→ **Exercise goal**:
Copy the lines from the start of the records below through the line containing "Jelen u črnoj", both included, and leave out the pictures.

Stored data
---*---
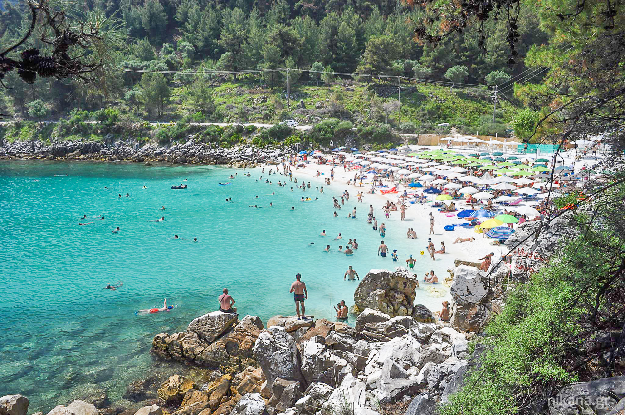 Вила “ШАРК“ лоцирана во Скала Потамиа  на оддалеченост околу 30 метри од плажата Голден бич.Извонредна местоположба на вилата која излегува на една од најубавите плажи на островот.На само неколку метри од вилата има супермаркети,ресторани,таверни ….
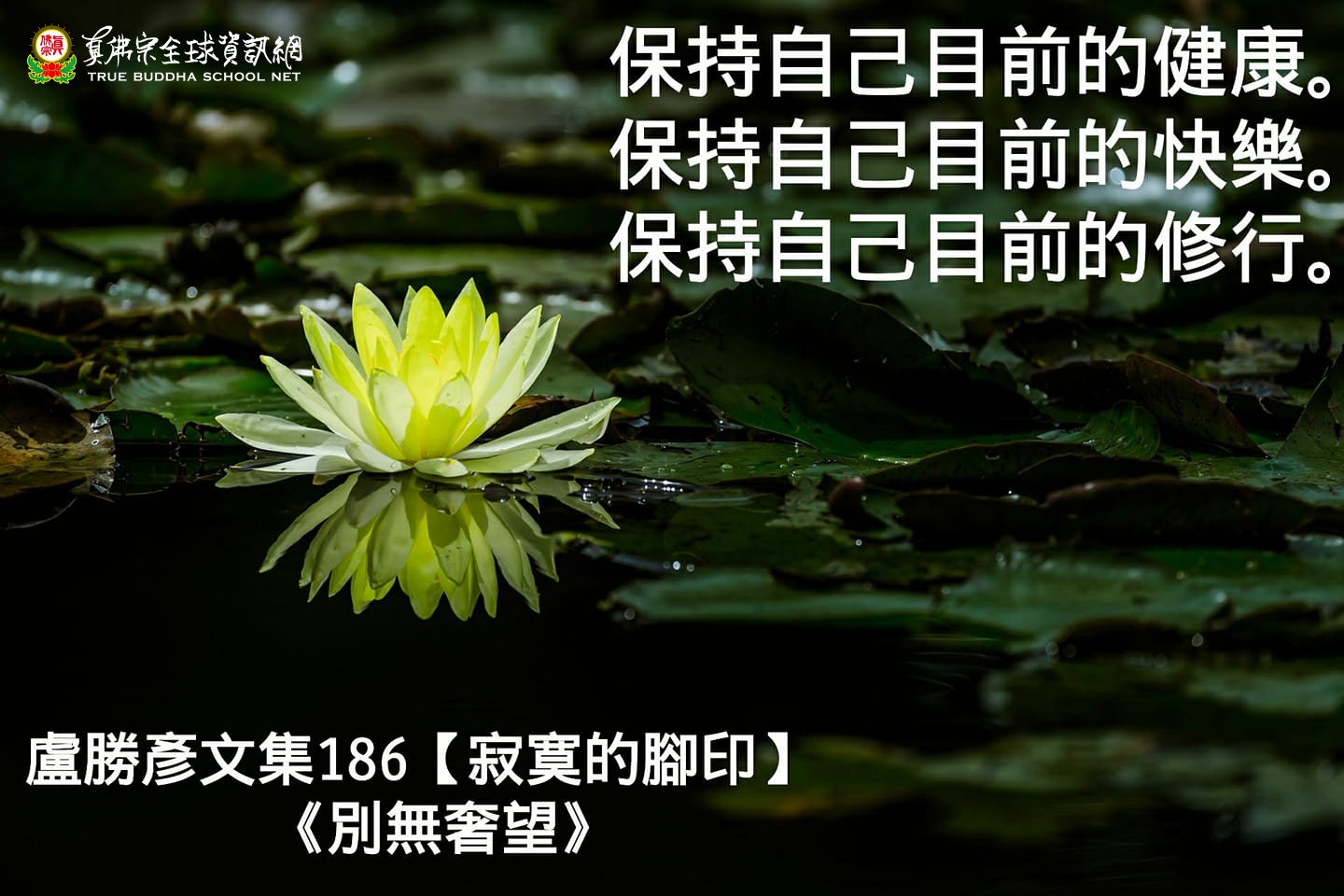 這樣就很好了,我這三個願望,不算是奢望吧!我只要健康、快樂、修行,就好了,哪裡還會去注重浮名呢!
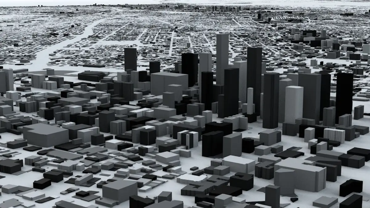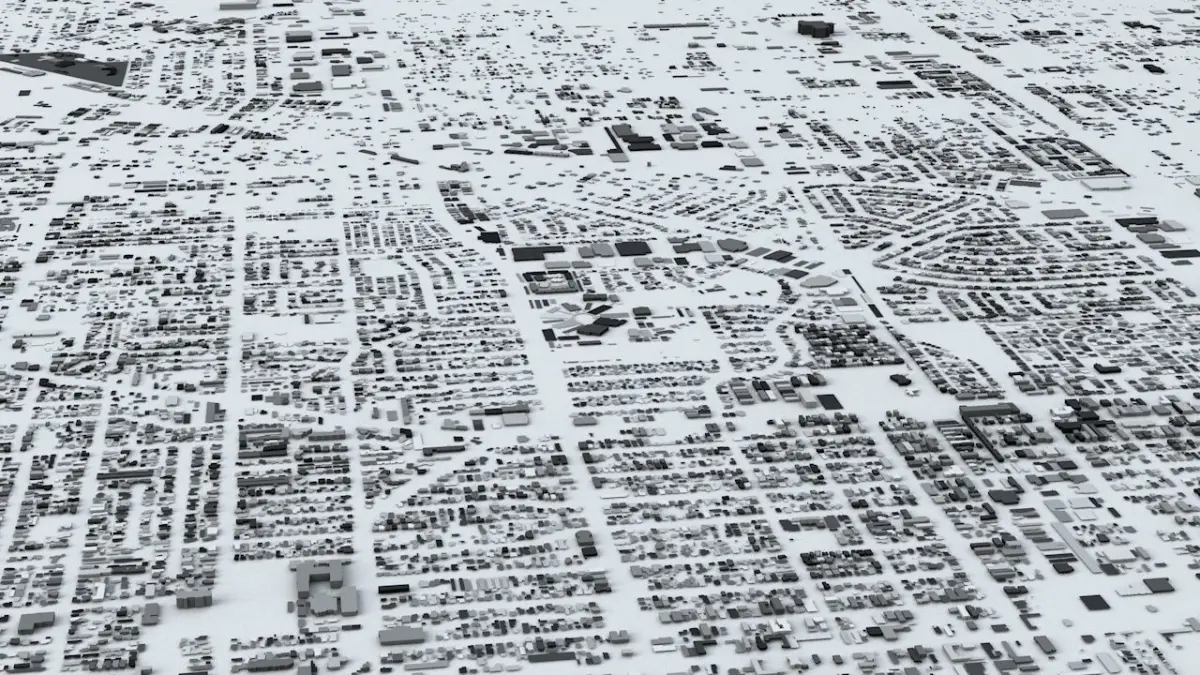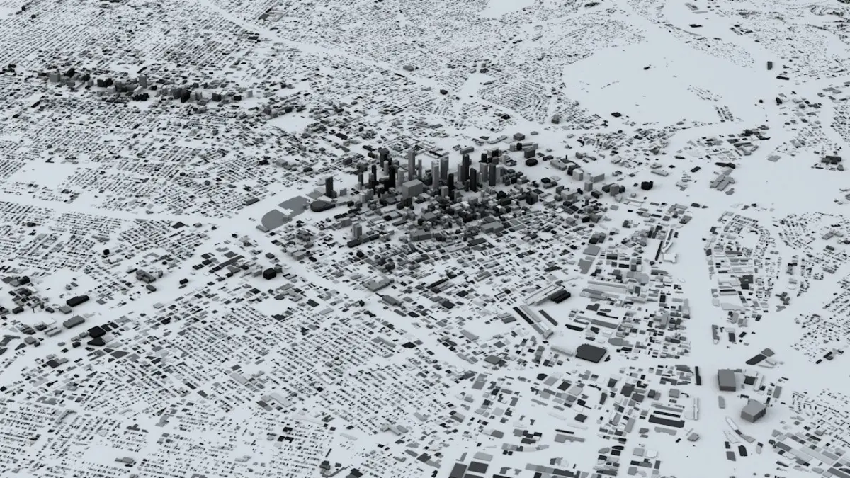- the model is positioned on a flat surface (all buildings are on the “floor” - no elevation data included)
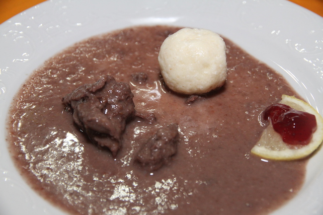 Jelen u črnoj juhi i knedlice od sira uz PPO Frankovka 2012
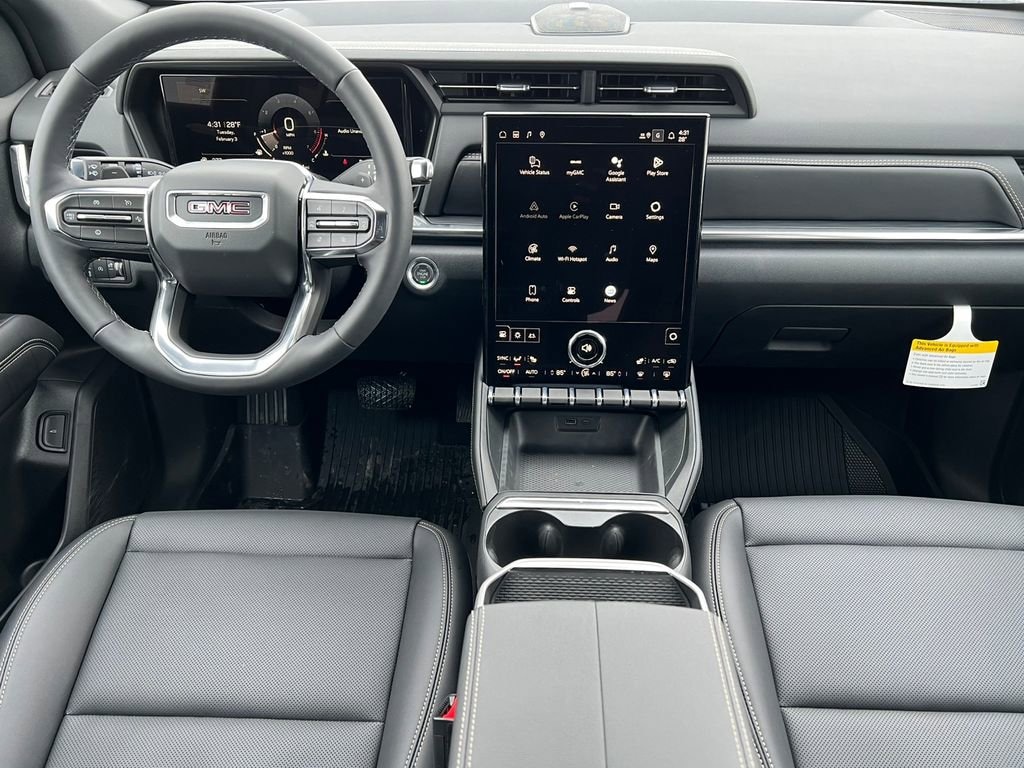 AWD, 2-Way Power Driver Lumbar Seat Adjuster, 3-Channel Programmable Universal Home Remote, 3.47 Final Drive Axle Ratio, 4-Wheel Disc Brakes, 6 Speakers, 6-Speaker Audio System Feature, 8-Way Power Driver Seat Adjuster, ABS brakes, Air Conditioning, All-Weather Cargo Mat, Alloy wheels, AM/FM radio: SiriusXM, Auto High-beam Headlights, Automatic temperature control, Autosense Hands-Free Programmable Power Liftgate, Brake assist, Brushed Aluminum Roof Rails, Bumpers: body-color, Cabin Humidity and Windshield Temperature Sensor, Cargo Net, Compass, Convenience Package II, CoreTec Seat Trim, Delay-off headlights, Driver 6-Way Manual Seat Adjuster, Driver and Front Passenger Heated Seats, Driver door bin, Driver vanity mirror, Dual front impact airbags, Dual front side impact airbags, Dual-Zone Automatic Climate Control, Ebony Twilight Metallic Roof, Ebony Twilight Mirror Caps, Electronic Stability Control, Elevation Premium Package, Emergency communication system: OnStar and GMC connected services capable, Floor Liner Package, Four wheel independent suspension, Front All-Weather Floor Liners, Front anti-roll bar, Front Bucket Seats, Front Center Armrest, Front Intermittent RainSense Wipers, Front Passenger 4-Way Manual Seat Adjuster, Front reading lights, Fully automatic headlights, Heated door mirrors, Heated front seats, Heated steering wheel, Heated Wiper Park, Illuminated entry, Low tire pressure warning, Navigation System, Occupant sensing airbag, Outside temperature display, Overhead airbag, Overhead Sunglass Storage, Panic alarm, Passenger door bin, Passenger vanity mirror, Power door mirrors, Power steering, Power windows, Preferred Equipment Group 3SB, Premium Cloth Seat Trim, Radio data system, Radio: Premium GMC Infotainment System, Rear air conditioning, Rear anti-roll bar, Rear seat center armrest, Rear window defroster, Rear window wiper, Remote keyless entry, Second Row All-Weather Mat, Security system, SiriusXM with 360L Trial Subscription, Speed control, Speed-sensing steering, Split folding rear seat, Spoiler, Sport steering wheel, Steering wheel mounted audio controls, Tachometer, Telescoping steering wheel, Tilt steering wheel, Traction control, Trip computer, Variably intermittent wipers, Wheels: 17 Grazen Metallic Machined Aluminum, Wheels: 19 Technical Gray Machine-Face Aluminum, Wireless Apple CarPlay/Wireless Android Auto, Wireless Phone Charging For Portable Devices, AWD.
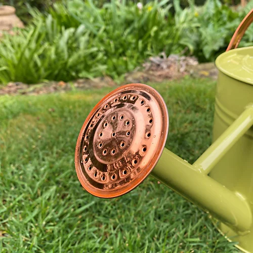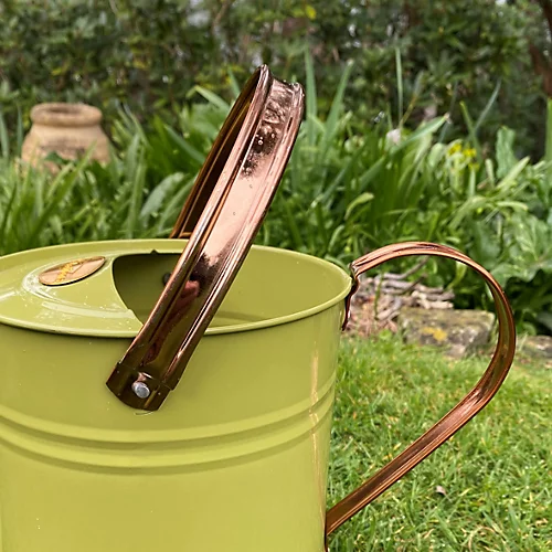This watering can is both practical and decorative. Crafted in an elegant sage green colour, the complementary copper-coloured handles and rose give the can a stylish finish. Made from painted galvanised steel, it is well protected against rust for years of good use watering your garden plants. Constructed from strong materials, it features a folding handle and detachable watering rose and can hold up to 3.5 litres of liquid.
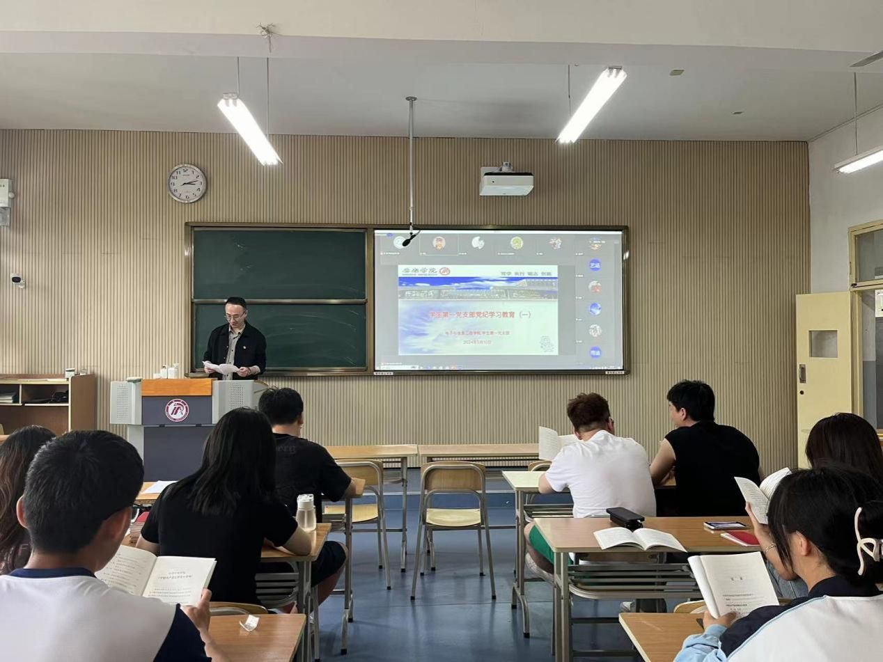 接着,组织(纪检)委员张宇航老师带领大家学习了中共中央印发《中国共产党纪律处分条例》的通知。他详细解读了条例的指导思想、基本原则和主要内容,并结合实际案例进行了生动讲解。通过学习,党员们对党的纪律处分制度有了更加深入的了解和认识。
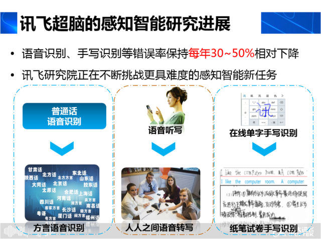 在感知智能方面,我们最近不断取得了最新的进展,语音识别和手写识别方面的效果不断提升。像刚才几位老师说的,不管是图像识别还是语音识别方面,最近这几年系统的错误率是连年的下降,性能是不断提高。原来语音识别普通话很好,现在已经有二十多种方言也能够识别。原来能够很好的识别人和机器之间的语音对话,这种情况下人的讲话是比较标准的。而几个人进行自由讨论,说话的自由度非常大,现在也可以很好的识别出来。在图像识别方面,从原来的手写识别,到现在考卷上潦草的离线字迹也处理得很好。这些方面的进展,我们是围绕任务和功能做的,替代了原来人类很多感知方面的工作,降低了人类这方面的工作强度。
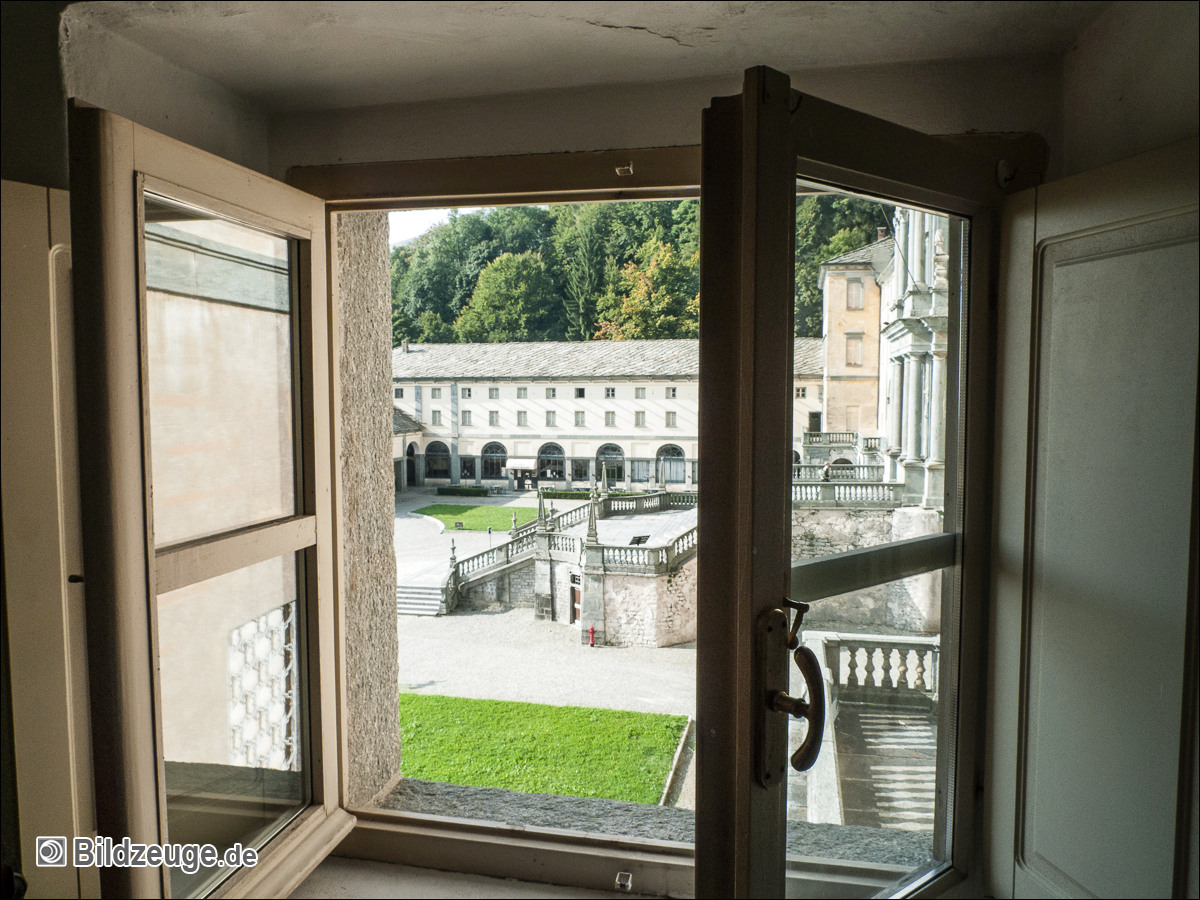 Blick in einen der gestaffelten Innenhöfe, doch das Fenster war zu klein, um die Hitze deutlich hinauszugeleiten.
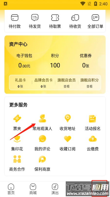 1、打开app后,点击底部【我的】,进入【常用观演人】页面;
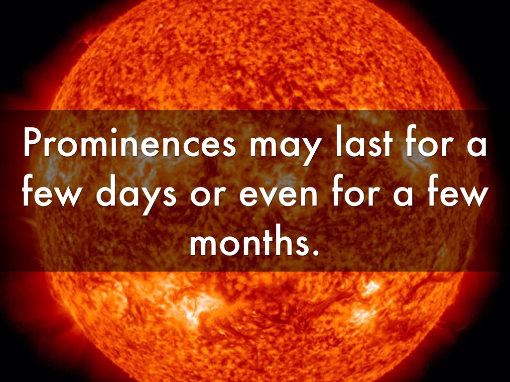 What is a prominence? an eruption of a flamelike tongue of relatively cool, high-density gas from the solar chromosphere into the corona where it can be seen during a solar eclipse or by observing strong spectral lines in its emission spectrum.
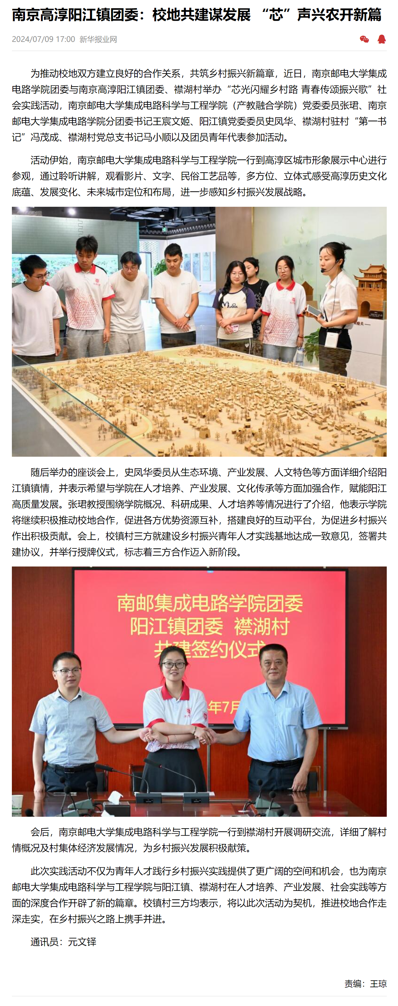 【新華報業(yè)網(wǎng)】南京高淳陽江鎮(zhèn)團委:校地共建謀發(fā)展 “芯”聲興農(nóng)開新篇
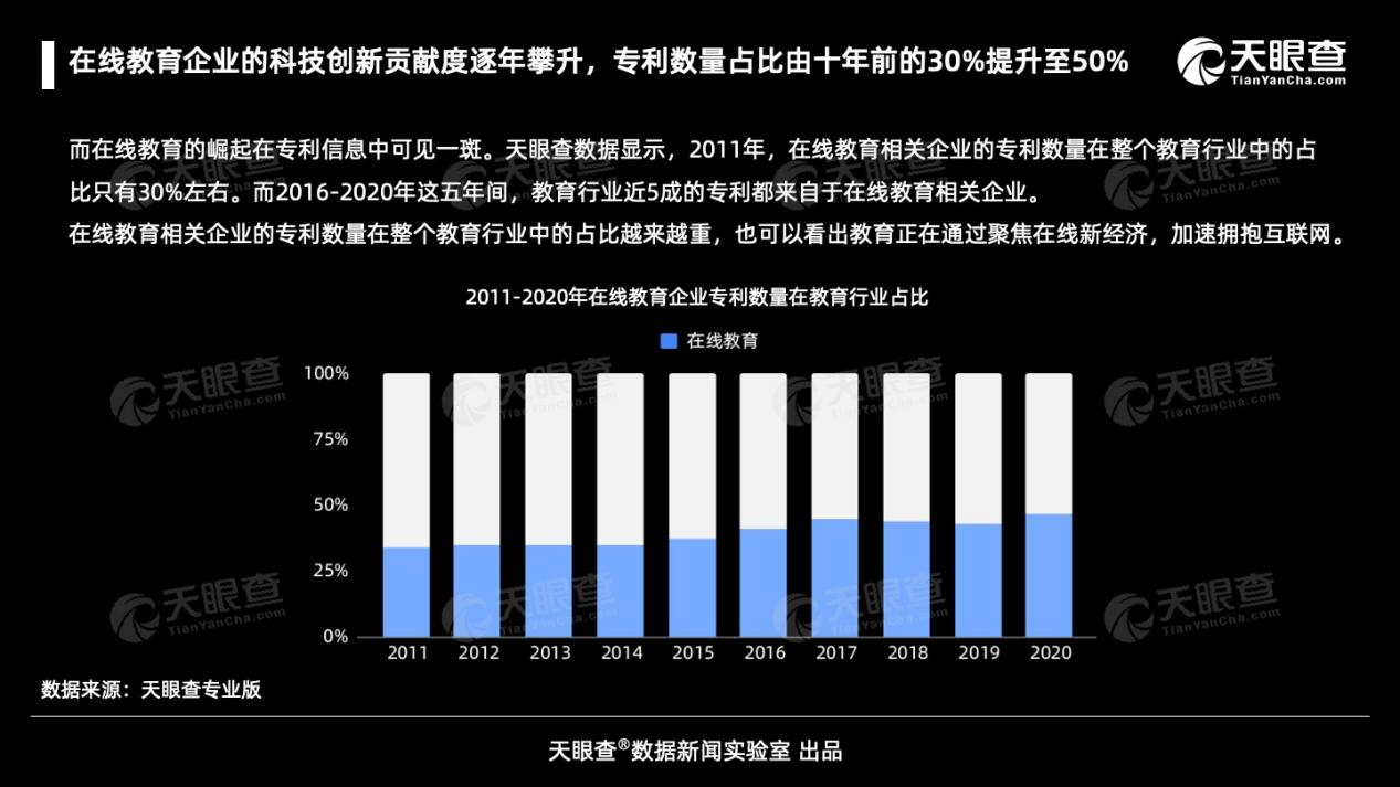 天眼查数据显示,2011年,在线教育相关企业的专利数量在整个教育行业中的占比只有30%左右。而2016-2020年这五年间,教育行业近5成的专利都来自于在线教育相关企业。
---*---
→ **Task solution**:
 Вила “ШАРК“ лоцирана во Скала Потамиа  на оддалеченост околу 30 метри од плажата Голден бич.Извонредна местоположба на вилата која излегува на една од најубавите плажи на островот.На само неколку метри од вилата има супермаркети,ресторани,таверни ….
 這樣就很好了,我這三個願望,不算是奢望吧!我只要健康、快樂、修行,就好了,哪裡還會去注重浮名呢!
- the model is positioned on a flat surface (all buildings are on the “floor” - no elevation data included)
 Jelen u črnoj juhi i knedlice od sira uz PPO Frankovka 2012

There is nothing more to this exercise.